The new Electronic Data Interchange in Health Care Act (Wegiz) should gradually make the digital exchange of medical data mandatory. This will put an end to faxing and printing medical data, thereby reducing the risk of data leaks. This obligation must not lead to citizens being forced to give their consent as yet to use the former National EPD (LSP), or similar systems. This is precisely where the minister now wants to deviate from the law.

In response to questions by Upper House member Arda Gerkens (SP), the minister stated that there is only a difference in "semantics". A proposed Parliamentary motion could not count on his support, however.

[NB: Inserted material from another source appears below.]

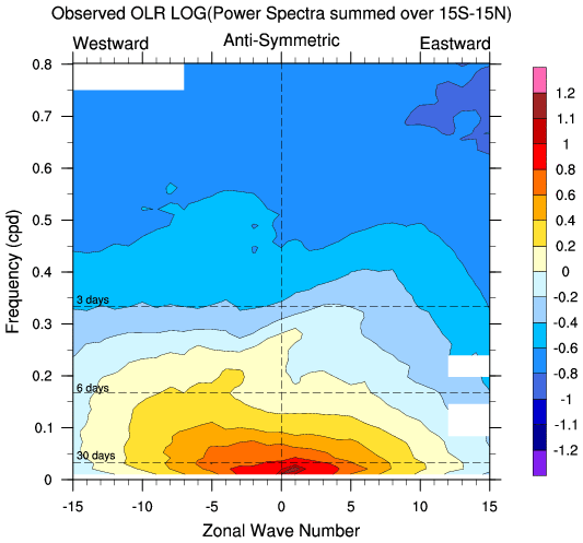 Zonal wavenumber-frequency logarithm of power spectra calculated from 06Z and

Patient gives up freedom of choice

During the preparation and discussion in the Lower House, the minister repeatedly expressed his intention to start offering patients a real choice. Data can be exchanged through a centralised exchange system, such as a National EHR, or decentralised between doctors. For most patients, the latter option is by far the most convenient. With a referral, the data travel with the treatment and, as a patient, you can sit back and relax. Doctors make mutual agreements about which data are relevant for which referral.

The minister is now calling for a new "nationwide infrastructure". Patients will have to manually track which healthcare providers need to access which data. This is remarkable to say the least, as the Minister previously indicated that this method of 'specified consent' would be unworkable for citizens and patients. Moreover, patients are now forced to use a solution developed by private parties, including the Health Insurers.

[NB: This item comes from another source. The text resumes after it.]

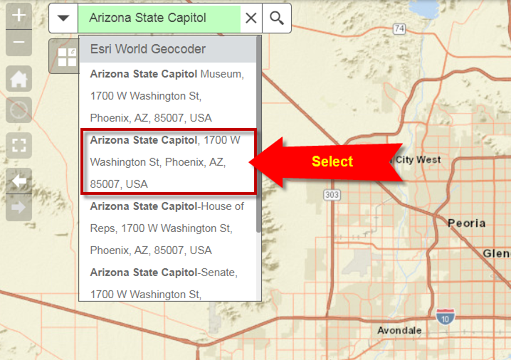 Enter Arizona State Capitol in the Search Tool.

"Unimaginable" said Marc Smits, board member at Privacy First. "This bill is heading for the best solution within the entire European Union, the minister now wants to abandon that to preserve old interests."

New law, nice promises

The new law contains two major improvements over the current situation. There are to be open standards for data exchange. These will be developed in a transparent process by the NEN, where in principle anyone can join. This prevents backroom politics and makes policy-making visible to all. The second improvement is the free choice in how a patient directs. For patients with more complex care needs, the National Infrastructure can be a good solution. These may benefit from an Online Consent Provision (OTV) through which they control access themselves. For most patients, however, this offers no added value. They would benefit more from a prescription automatically going to the right pharmacy. "Besides, you then always have visibility of where your data is, after all, you have been there yourself," says says Smits.

The question now is what happens when the law is passed and the first data exchange is made mandatory. If that can only take place through a system like the National EHR, then patients will be forced to consent to this and the minister is not complying with his own law.

Vote on the bill and motion is scheduled for Tuesday 18 April as.